-- Source material follows --

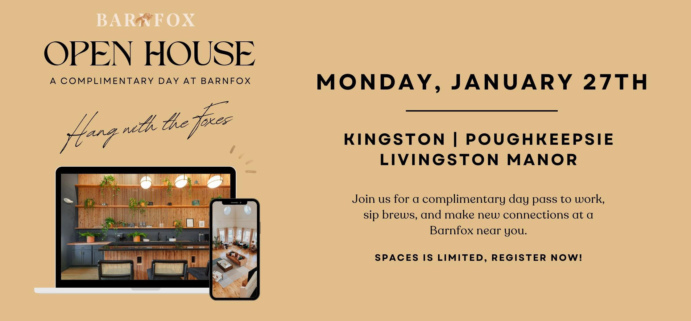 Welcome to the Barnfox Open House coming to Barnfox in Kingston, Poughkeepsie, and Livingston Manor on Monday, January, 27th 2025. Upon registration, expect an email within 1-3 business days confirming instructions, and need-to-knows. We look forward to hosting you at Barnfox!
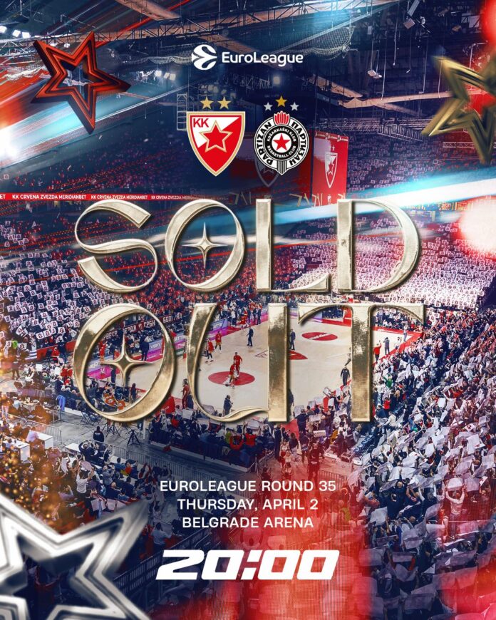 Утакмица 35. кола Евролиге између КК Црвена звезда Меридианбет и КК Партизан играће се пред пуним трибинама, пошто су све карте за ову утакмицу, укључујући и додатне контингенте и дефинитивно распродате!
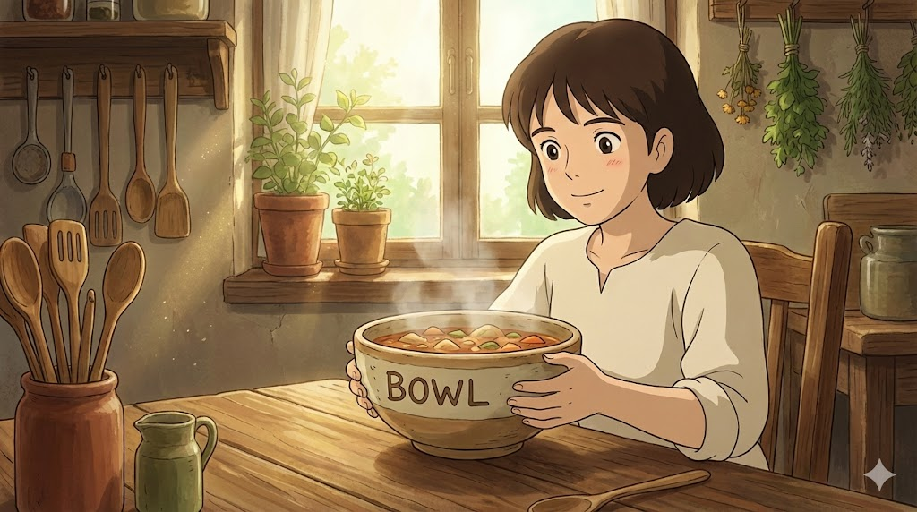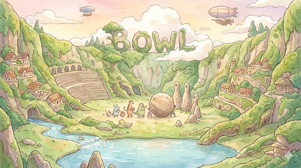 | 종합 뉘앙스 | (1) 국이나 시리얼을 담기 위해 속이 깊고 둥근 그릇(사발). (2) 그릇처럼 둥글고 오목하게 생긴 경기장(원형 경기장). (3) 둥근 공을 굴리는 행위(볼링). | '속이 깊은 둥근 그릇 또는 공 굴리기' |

-- Source material concluded --

_Task:_
Leaving out the pictures, repeat the data above exactly.

_Exercise solution:_
 Welcome to the Barnfox Open House coming to Barnfox in Kingston, Poughkeepsie, and Livingston Manor on Monday, January, 27th 2025. Upon registration, expect an email within 1-3 business days confirming instructions, and need-to-knows. We look forward to hosting you at Barnfox!
 Утакмица 35. кола Евролиге између КК Црвена звезда Меридианбет и КК Партизан играће се пред пуним трибинама, пошто су све карте за ову утакмицу, укључујући и додатне контингенте и дефинитивно распродате!
 | 종합 뉘앙스 | (1) 국이나 시리얼을 담기 위해 속이 깊고 둥근 그릇(사발). (2) 그릇처럼 둥글고 오목하게 생긴 경기장(원형 경기장). (3) 둥근 공을 굴리는 행위(볼링). | '속이 깊은 둥근 그릇 또는 공 굴리기' |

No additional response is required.